• _PROBLEM TO WORK ON_
May I please have every record restated word for word, with the images left out?
··· MATERIAL PROVIDED ···
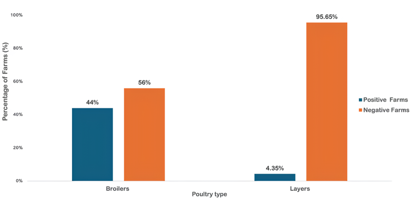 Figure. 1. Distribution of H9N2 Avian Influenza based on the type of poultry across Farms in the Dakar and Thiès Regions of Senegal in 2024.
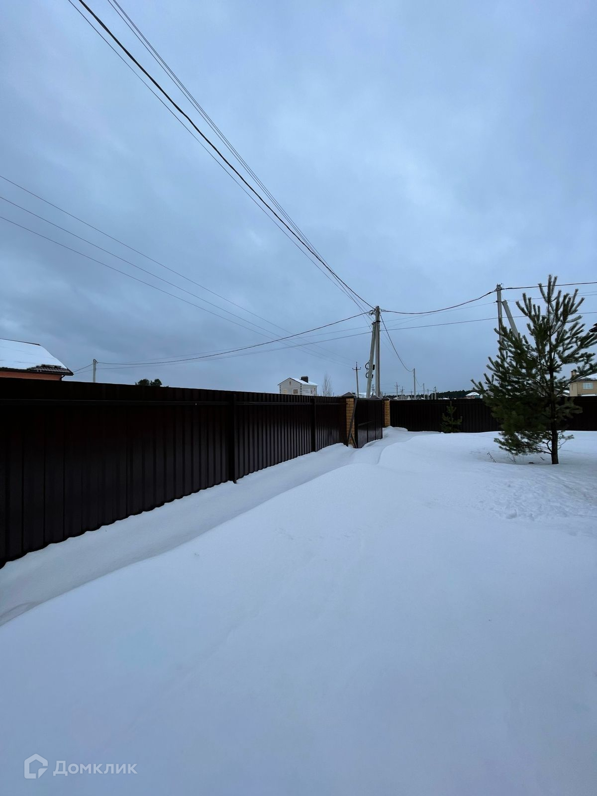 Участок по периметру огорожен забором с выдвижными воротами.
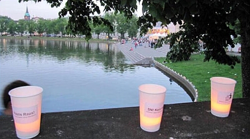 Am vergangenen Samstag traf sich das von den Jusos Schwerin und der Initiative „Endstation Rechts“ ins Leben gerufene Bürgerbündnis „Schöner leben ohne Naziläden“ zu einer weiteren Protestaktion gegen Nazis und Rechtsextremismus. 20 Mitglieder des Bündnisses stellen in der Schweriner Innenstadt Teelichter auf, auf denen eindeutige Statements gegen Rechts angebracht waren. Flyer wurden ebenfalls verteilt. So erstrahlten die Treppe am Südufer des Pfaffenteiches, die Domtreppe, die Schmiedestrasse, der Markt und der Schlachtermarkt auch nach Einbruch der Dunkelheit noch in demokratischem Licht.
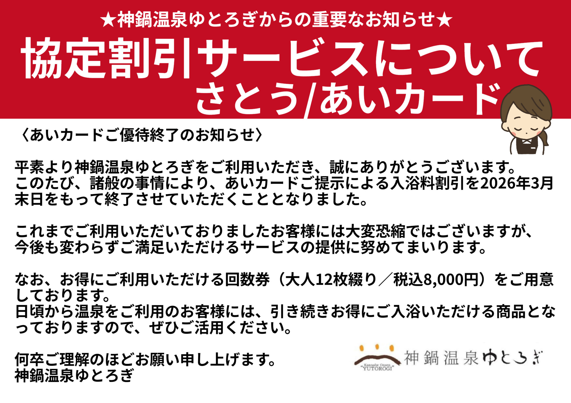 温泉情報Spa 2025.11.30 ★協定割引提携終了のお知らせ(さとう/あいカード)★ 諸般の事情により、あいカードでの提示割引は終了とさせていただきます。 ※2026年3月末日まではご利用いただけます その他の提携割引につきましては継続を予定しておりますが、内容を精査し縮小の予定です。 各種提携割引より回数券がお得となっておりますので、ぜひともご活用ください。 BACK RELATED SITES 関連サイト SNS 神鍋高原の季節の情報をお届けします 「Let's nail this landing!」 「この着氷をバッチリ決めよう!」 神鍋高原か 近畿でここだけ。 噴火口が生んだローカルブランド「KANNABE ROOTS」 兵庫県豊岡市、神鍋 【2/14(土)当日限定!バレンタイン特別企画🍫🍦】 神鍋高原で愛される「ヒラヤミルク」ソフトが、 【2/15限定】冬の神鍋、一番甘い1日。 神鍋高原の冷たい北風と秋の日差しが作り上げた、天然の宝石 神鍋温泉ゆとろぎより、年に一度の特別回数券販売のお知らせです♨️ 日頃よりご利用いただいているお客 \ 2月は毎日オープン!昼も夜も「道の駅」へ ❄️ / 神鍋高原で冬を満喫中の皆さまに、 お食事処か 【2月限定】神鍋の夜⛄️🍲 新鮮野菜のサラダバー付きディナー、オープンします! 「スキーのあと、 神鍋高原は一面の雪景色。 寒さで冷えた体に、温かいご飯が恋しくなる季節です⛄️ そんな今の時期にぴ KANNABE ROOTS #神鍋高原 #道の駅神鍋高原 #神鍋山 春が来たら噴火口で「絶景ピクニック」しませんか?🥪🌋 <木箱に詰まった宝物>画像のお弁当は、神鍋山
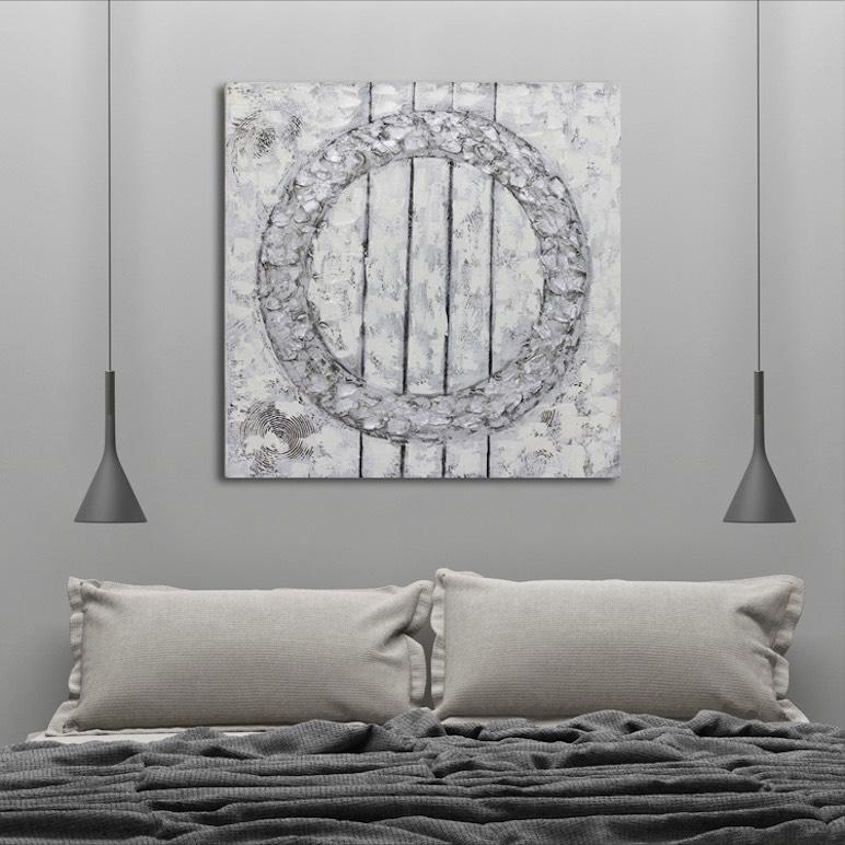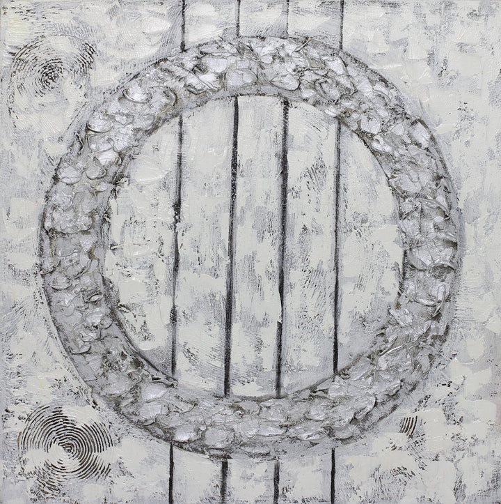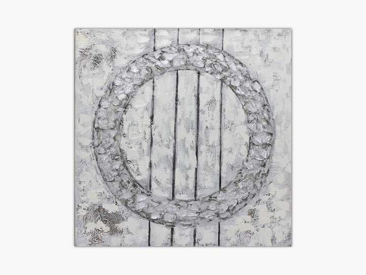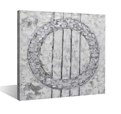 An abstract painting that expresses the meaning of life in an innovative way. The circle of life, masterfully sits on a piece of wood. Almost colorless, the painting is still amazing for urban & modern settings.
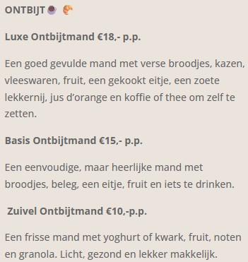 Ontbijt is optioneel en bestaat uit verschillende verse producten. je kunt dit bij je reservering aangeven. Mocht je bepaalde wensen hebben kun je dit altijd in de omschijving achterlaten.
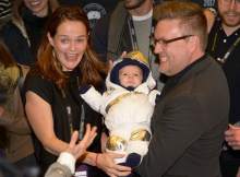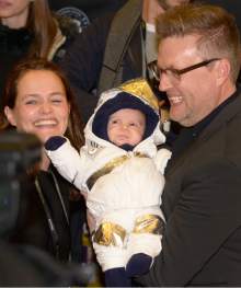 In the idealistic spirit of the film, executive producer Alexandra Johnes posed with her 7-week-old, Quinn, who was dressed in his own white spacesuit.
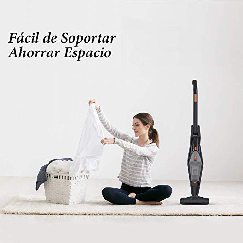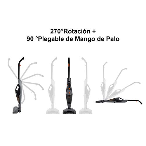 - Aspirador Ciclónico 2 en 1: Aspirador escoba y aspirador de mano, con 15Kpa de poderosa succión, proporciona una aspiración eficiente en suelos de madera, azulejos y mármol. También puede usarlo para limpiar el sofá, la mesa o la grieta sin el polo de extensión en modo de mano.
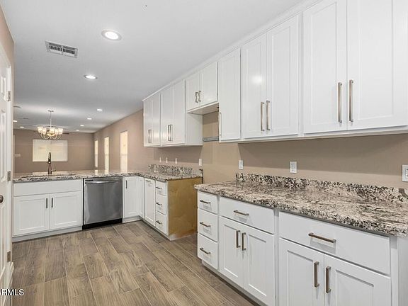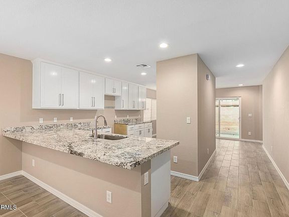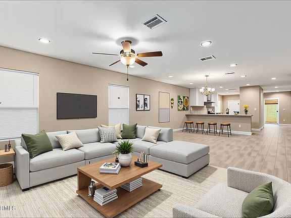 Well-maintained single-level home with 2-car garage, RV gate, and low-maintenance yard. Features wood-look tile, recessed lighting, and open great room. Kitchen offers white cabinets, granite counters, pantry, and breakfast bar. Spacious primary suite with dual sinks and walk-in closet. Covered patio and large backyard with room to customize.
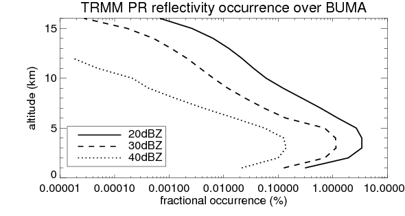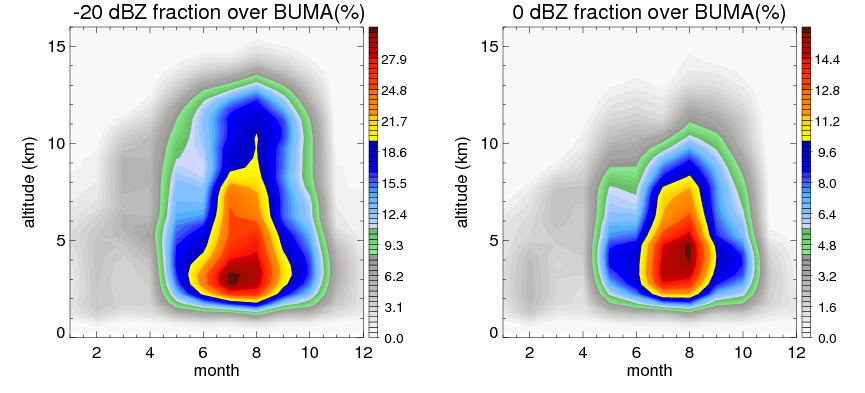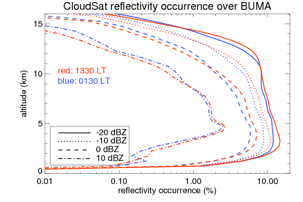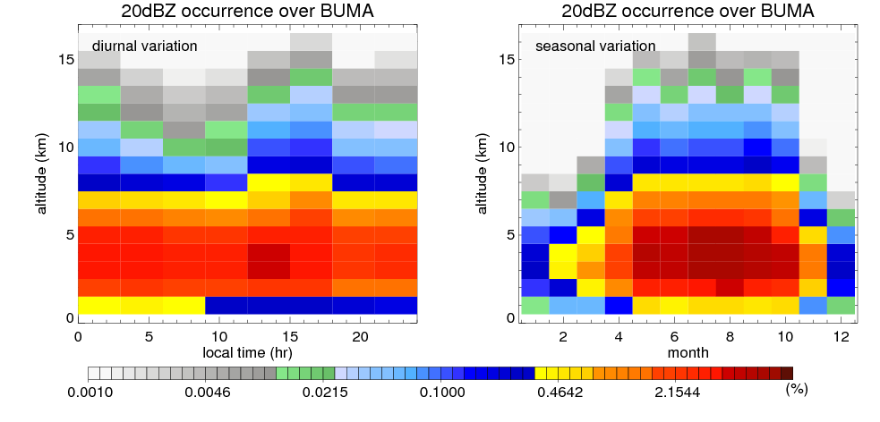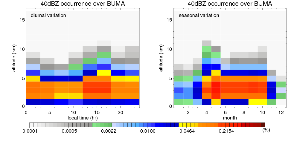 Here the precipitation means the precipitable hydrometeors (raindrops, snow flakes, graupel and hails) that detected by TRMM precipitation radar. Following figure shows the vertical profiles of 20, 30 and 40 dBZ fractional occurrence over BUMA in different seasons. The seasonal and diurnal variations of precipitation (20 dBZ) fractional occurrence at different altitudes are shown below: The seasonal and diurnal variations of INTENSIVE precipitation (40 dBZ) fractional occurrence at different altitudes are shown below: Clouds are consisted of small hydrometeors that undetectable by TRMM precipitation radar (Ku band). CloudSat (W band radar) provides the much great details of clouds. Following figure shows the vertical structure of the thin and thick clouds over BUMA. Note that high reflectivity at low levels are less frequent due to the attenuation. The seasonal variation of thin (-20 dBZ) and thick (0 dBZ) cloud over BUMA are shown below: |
···
• _RESULT_
 Figure. 1. Distribution of H9N2 Avian Influenza based on the type of poultry across Farms in the Dakar and Thiès Regions of Senegal in 2024.
 Участок по периметру огорожен забором с выдвижными воротами.
 Am vergangenen Samstag traf sich das von den Jusos Schwerin und der Initiative „Endstation Rechts“ ins Leben gerufene Bürgerbündnis „Schöner leben ohne Naziläden“ zu einer weiteren Protestaktion gegen Nazis und Rechtsextremismus. 20 Mitglieder des Bündnisses stellen in der Schweriner Innenstadt Teelichter auf, auf denen eindeutige Statements gegen Rechts angebracht waren. Flyer wurden ebenfalls verteilt. So erstrahlten die Treppe am Südufer des Pfaffenteiches, die Domtreppe, die Schmiedestrasse, der Markt und der Schlachtermarkt auch nach Einbruch der Dunkelheit noch in demokratischem Licht.
 温泉情報Spa 2025.11.30 ★協定割引提携終了のお知らせ(さとう/あいカード)★ 諸般の事情により、あいカードでの提示割引は終了とさせていただきます。 ※2026年3月末日まではご利用いただけます その他の提携割引につきましては継続を予定しておりますが、内容を精査し縮小の予定です。 各種提携割引より回数券がお得となっておりますので、ぜひともご活用ください。 BACK RELATED SITES 関連サイト SNS 神鍋高原の季節の情報をお届けします 「Let's nail this landing!」 「この着氷をバッチリ決めよう!」 神鍋高原か 近畿でここだけ。 噴火口が生んだローカルブランド「KANNABE ROOTS」 兵庫県豊岡市、神鍋 【2/14(土)当日限定!バレンタイン特別企画🍫🍦】 神鍋高原で愛される「ヒラヤミルク」ソフトが、 【2/15限定】冬の神鍋、一番甘い1日。 神鍋高原の冷たい北風と秋の日差しが作り上げた、天然の宝石 神鍋温泉ゆとろぎより、年に一度の特別回数券販売のお知らせです♨️ 日頃よりご利用いただいているお客 \ 2月は毎日オープン!昼も夜も「道の駅」へ ❄️ / 神鍋高原で冬を満喫中の皆さまに、 お食事処か 【2月限定】神鍋の夜⛄️🍲 新鮮野菜のサラダバー付きディナー、オープンします! 「スキーのあと、 神鍋高原は一面の雪景色。 寒さで冷えた体に、温かいご飯が恋しくなる季節です⛄️ そんな今の時期にぴ KANNABE ROOTS #神鍋高原 #道の駅神鍋高原 #神鍋山 春が来たら噴火口で「絶景ピクニック」しませんか?🥪🌋 <木箱に詰まった宝物>画像のお弁当は、神鍋山
 An abstract painting that expresses the meaning of life in an innovative way. The circle of life, masterfully sits on a piece of wood. Almost colorless, the painting is still amazing for urban & modern settings.
 Ontbijt is optioneel en bestaat uit verschillende verse producten. je kunt dit bij je reservering aangeven. Mocht je bepaalde wensen hebben kun je dit altijd in de omschijving achterlaten.
 In the idealistic spirit of the film, executive producer Alexandra Johnes posed with her 7-week-old, Quinn, who was dressed in his own white spacesuit.
 - Aspirador Ciclónico 2 en 1: Aspirador escoba y aspirador de mano, con 15Kpa de poderosa succión, proporciona una aspiración eficiente en suelos de madera, azulejos y mármol. También puede usarlo para limpiar el sofá, la mesa o la grieta sin el polo de extensión en modo de mano.
 Well-maintained single-level home with 2-car garage, RV gate, and low-maintenance yard. Features wood-look tile, recessed lighting, and open great room. Kitchen offers white cabinets, granite counters, pantry, and breakfast bar. Spacious primary suite with dual sinks and walk-in closet. Covered patio and large backyard with room to customize.
 Here the precipitation means the precipitable hydrometeors (raindrops, snow flakes, graupel and hails) that detected by TRMM precipitation radar. Following figure shows the vertical profiles of 20, 30 and 40 dBZ fractional occurrence over BUMA in different seasons. The seasonal and diurnal variations of precipitation (20 dBZ) fractional occurrence at different altitudes are shown below: The seasonal and diurnal variations of INTENSIVE precipitation (40 dBZ) fractional occurrence at different altitudes are shown below: Clouds are consisted of small hydrometeors that undetectable by TRMM precipitation radar (Ku band). CloudSat (W band radar) provides the much great details of clouds. Following figure shows the vertical structure of the thin and thick clouds over BUMA. Note that high reflectivity at low levels are less frequent due to the attenuation. The seasonal variation of thin (-20 dBZ) and thick (0 dBZ) cloud over BUMA are shown below: |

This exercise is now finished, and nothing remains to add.